With no announcement and little fanfare, Gerard’s restaurant closed last night after over 24 years in operation. The restaurant was located in the Colonnade Center in Des Peres, at the end of a long strip of businesses that ran perpendicular to Manchester Road.
Contacted last week, owner Gerard Whatton told SLM that proposed improvements to the center had a lot to do with the closure. “I was looking at a tremendous increase in rent,” he said. “I saw all this coming a few years ago. I had a good run.”

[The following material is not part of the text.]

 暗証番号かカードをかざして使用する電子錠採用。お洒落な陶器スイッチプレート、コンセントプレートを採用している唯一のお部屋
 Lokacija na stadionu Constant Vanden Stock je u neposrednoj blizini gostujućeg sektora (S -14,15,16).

Prior to opening Gerard’s, Whatton was head waiter and wine steward at Al Baker’s for 21 years. When Baker's closed in 1993, Whatton wanted to open a place with the same elevated level of food and service. Offering a continental menu that included fresh seafood, prime beef, and a substantial wine list, he opened Gerard’s in early 1995.
Whatton’s wine list grew to be one of the largest in the city, at one time boasting 600 selections. The restaurant garnered the Wine Spectator Award of Excellence for 14 years in a row, until Whatton stopped applying for the award several years ago. Referencing the list in his 2010 review, SLM’s Dave Lowry wrote “it’s pointless to describe it, save to say if you remember the prepubescent joy of the Sears Wish Book, you have the idea," and noting that prices ranged “from the noticeably warm to the blistering.”

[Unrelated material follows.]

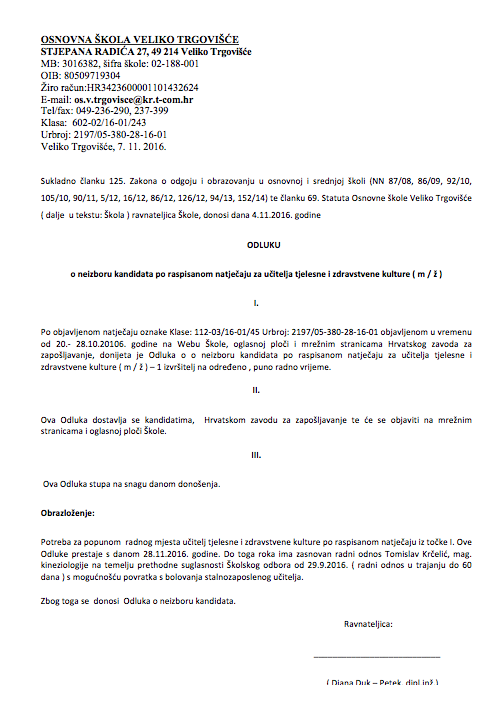 ODLUKU o neizboru kandidata po raspisanom natječaju za učitelja tjelesne i zdravstvene kulture
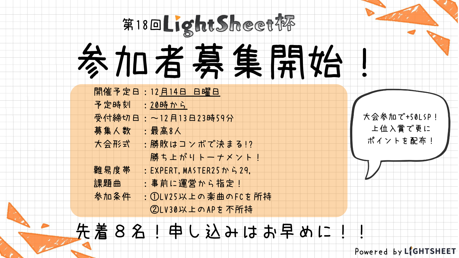 ブログをご覧の皆様、こんにちは。LightSheetブログ(以下:LSブログ):LightSheet杯(以下:LS杯)関連記事担当のオリエンティです。

Gerard’s offered an old-school dining experience and served classic dishes that swayed toward Italian cuisine as the years passed. Whatton wistfully mentioned that "people no longer support fine dining" and that most people’s “dinner experience now resembles the more casual lunch.”

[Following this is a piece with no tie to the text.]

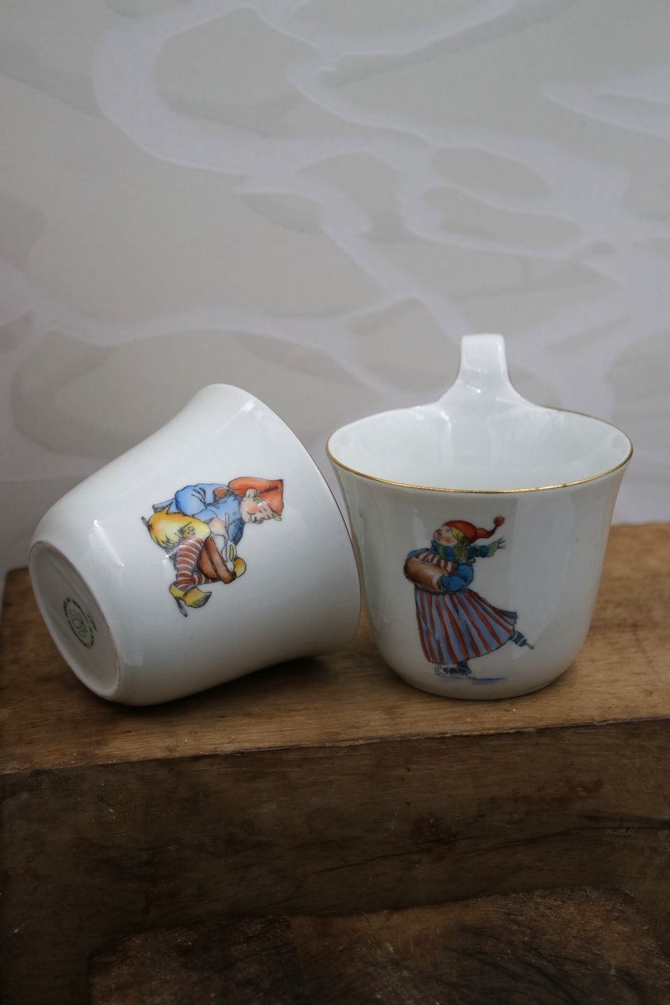 Bing & Grondahl high-handled cups with Christmas motifsand gold rim. H: 8cm. Dia.: 8.3cm.

Even though fine dining had a long-term grip on Whatton, “it was time,” he said—but also time to go out on his own terms. Instead of an extended goodbye (as in Bill Cardwell’s three-month-long slow exit in late 2018), he decided to notify a few friends and good customers of the closure. “That way, I knew I’d have food and adequate staff,” he said. “There’s nothing worse than having the final days be scattered and chaotic. I didn't want that to be my guests’ last memory.”